This week we have the last 26 Psalms. We have the end of the songs of Ascents - these are psalms 125 through 134. These are the psalms that were sung as people went up to Jerusalem, for the Passover and for other religious festivals.
Psalm 134 is used at our Compline service - the late night prayer - because it puts a cap on all of the praise of God.
Psalm 137 is a lament that reflects on the time of the captivity in Babylon and other times of trial in the history of Israel.
Most of the rest of the book of Psalms is praise to God.
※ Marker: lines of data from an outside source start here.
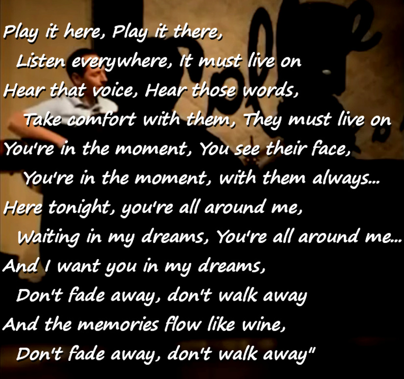 Until we reach that sublime time, we can find solace in remembering those near to us who we have lost in "The Song Must Live On" as captured in the lyrics and music below.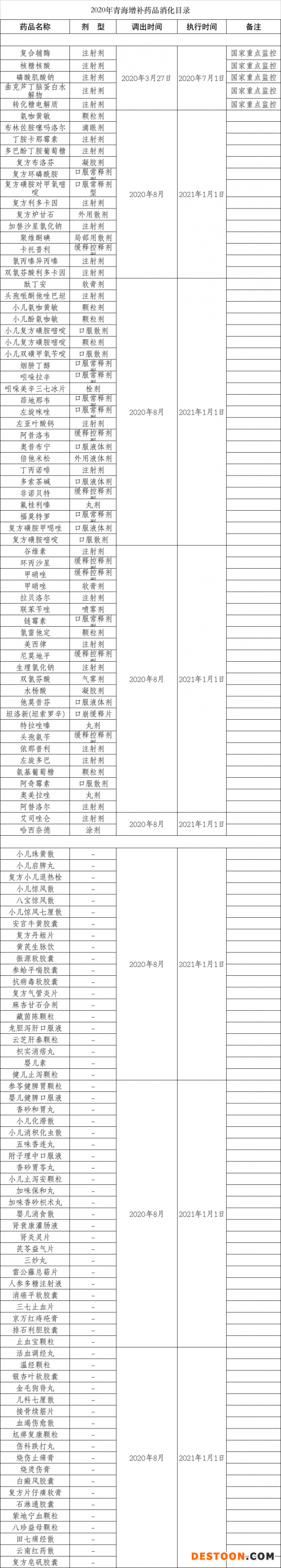 除此外,2020年,青海省將調(diào)出國家重點(diǎn)監(jiān)控藥品和上年度青海省省藥品采購平臺未招采使用的藥品,共129個品種,從2021年1月1日起停止醫(yī)保、工傷保險報付。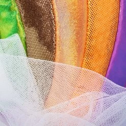 - Soft, plush rainbow stripes at the back are removable and feature a multicolored metallic fabric with fluffy tulle clouds at each end.

You may have noticed that the reading sheet tells you to read through Psalm 151 while the Bible you are probably reading ends with Psalm 150. Psalm 151 was a part of the Christian Bible from 350 AD through the 1500's. It was removed from Protestant Bibles when it was discovered that it was not a part of the Jewish Canon of Scripture. It is retained in Roman Catholic Bibles. For Episcopalians it is part of what is called the Aprocypha. Here is the text as it is in Hebrew:
1. Smaller was I than my brothers and the youngest of the sons of my father*
Yet he made me shepherd of his flock and ruler over his kids.
2. My hands have made an instrument and my fingers a lyre;*
And so have I rendered glory to the Lord, thought I, within my soul.
3. The mountains do not witness to him nor do the hills proclaim;*
The trees have cherished my words and the flock my works.
4. For who can proclaim and who can bespeak and who can recount the deeds of the Lord?*
Everything has God seen, everything has he heard and has heeded.
5. He sent his prophet to anoint me, Samuel to make me great.*
My brothers went out to meet him, handsome of figure and appearance.
6. Though they were tall of stature and handsome by their hair,*
The Lord God chose them not.
7. But he sent and took me from behind the flock and anointed me with holy oil*
And he made me leader of his people and ruler over the people of his covenant.